# [Task to complete]
Write out the listing, please, but only from its first line through the line containing "Coverage splits Left", exactly as given and without pictures.

# [Input data]
<<<<

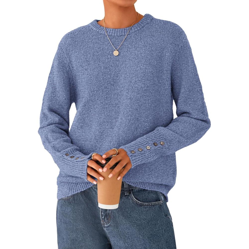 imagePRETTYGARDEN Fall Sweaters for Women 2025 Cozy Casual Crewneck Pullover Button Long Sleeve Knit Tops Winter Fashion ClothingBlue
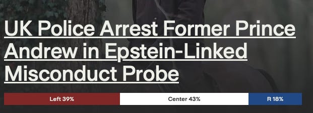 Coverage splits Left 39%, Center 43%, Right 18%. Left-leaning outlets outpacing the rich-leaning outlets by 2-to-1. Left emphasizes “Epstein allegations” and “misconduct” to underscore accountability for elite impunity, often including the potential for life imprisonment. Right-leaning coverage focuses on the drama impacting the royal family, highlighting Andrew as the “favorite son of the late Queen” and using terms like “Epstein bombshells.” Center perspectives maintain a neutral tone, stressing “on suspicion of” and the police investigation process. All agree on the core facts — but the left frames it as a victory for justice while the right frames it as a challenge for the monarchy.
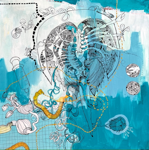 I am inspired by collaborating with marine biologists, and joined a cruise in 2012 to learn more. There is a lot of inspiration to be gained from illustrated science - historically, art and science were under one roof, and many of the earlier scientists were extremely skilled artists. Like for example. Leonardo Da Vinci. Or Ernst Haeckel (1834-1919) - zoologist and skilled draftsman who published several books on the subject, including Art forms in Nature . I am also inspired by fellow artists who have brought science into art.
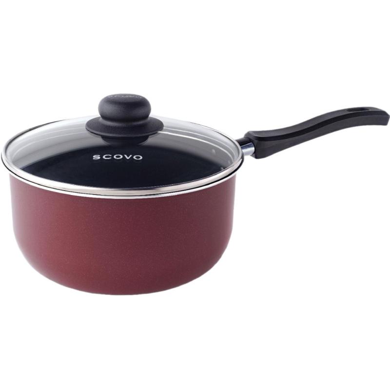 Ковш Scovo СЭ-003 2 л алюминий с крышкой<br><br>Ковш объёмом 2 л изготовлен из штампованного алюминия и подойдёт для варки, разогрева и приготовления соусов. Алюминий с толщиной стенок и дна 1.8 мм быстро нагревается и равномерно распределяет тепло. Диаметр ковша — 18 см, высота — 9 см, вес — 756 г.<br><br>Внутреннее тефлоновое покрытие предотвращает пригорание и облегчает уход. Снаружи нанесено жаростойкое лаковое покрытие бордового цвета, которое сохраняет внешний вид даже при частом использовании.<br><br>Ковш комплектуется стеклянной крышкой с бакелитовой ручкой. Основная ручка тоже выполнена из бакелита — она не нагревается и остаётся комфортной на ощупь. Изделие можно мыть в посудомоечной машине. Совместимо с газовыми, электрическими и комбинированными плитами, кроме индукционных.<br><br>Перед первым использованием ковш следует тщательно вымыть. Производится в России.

>>>>

# [Solved problem]
 imagePRETTYGARDEN Fall Sweaters for Women 2025 Cozy Casual Crewneck Pullover Button Long Sleeve Knit Tops Winter Fashion ClothingBlue
 Coverage splits Left 39%, Center 43%, Right 18%. Left-leaning outlets outpacing the rich-leaning outlets by 2-to-1. Left emphasizes “Epstein allegations” and “misconduct” to underscore accountability for elite impunity, often including the potential for life imprisonment. Right-leaning coverage focuses on the drama impacting the royal family, highlighting Andrew as the “favorite son of the late Queen” and using terms like “Epstein bombshells.” Center perspectives maintain a neutral tone, stressing “on suspicion of” and the police investigation process. All agree on the core facts — but the left frames it as a victory for justice while the right frames it as a challenge for the monarchy.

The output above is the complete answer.